Naarn: Glaubensabende helfen, sich in Gott zu verwurzeln
Ausgabe: 2002/11, Naarn, Glaubensabend, Glaubensseminar, Zauner, Michal
12.03.2002
- Josef Wallner
Glaubensseminare sind für den Naarner Pfarrer Johann Zauner jene Veranstaltungen, aus denen am meisten Frucht wächst: für die Leute persönlich und für die Kirche.
Wer sich unter den Teilnehmer/innen am derzeit laufenden Glaubenskurs umhört, kann dem Pfarrer nur beipflichten. Obwohl das Seminar zwei Monate dauert und wöchentlich ein Treffen umfasst, kommen regelmäßig sechzig Männer und Frauen aus Naarn, Perg und den umliegenden Pfarren. Unter ihnen viele junge Erwachsene. Und alle sind von den Angeboten zur Glaubensvertiefung und -erneuerung beeindruckt.
Was andere denken
Johann Rafetseder ist Mechaniker, 32 Jahre alt: „Ich nehme teil, um meine Beziehung mit Gott zu vertiefen. Jeder der fünf Abende, die wir bisher gehabt haben, war sehr interessant.“ Auch die Diskussionsrunden, die nach einem Referat fixer Bestandteil jedes Kursteils sind, möchte er nicht missen: „Da hört man auch, was andere denken.“Wie Rafetseder gehört der Landwirt Josef Lichtenberger einem Gebetskreis an. Die bisherigen Treffen haben ihm mehr Weitblick eröffnet und „Gott auch aus anderen Perspektiven sehen lassen“. Diese neuen Gedankenanstöße wirken in seinem Gebetskreis weiter: „Es ist gut, dass man nicht nur im eigenen Saft schmort und nicht nur um die eigenen Vorstellungen kreist.“ „Was ich über den Glauben weiß, ist zu wenig“, erklärt Bianca Schedelberger den Grund, warum sie am Seminar teilnimmt. Eine besondere Bedeutung hat der Glaubenskurs für eine 67-jährige Naarnerin: Sie bereitet sich auf ihre Taufe vor. „Ich bin gern beim Seminar. Es ist schön, da lernt man für das Leben“, sagt sie freundlich lächelnd. Nach einer schweren Zeit der Kindheit in Dresden und mehreren verschiedenen Wohnorten ist sie vor sieben Jahren nach Naarn gekommen. Hier hat sie menschlich Wurzeln geschlagen – und nun beginnt sie, sich auch religiös zu beheimaten: „Nachdem ich nie in den Religionsunterricht gegangen bin, kannte ich nicht einmal das Vaterunser. Aber das lerne ich jetzt schön langsam.“
Denken, reden, beten
Der Glaubenskurs „Komm und sieh“, nach dem in Naarn gearbeitet wird, ist von der Spiritulaität der charismatischen Erneuerungsbewegung inspiriert. Jeder der acht Abende wird von jeweils einem Referenten aus der Region gestaltet.

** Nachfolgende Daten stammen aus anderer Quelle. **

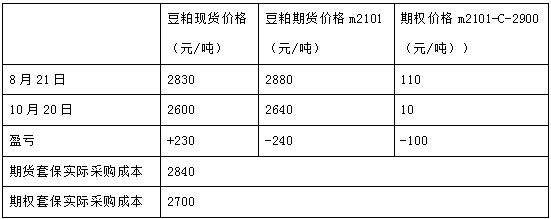 如果在8月马上采购现货,企业除了没有足够的流动资金,也没有多余仓库存放和保管货物,但担心两个月之后豆粕价格会上涨,因此企业决定进行买入套保,相对应的豆粕期货主力m2101合约盘面价格为2880元/吨,行权价为2900的豆粕看涨期权m2101-C-2900的权利金为110元/吨。

Der Themenbogen bildet eine kurz gefasste Einführung in den Glauben und in das Leben aus dem Glauben. Der Kurs will Lebensfragen beantworten und die Freude an Gott stärken. Das Seminar und die Impulse zur täglichen Meditation wollen zu einem „lebendigen Christsein“ helfen, so Pfarrer Zauner.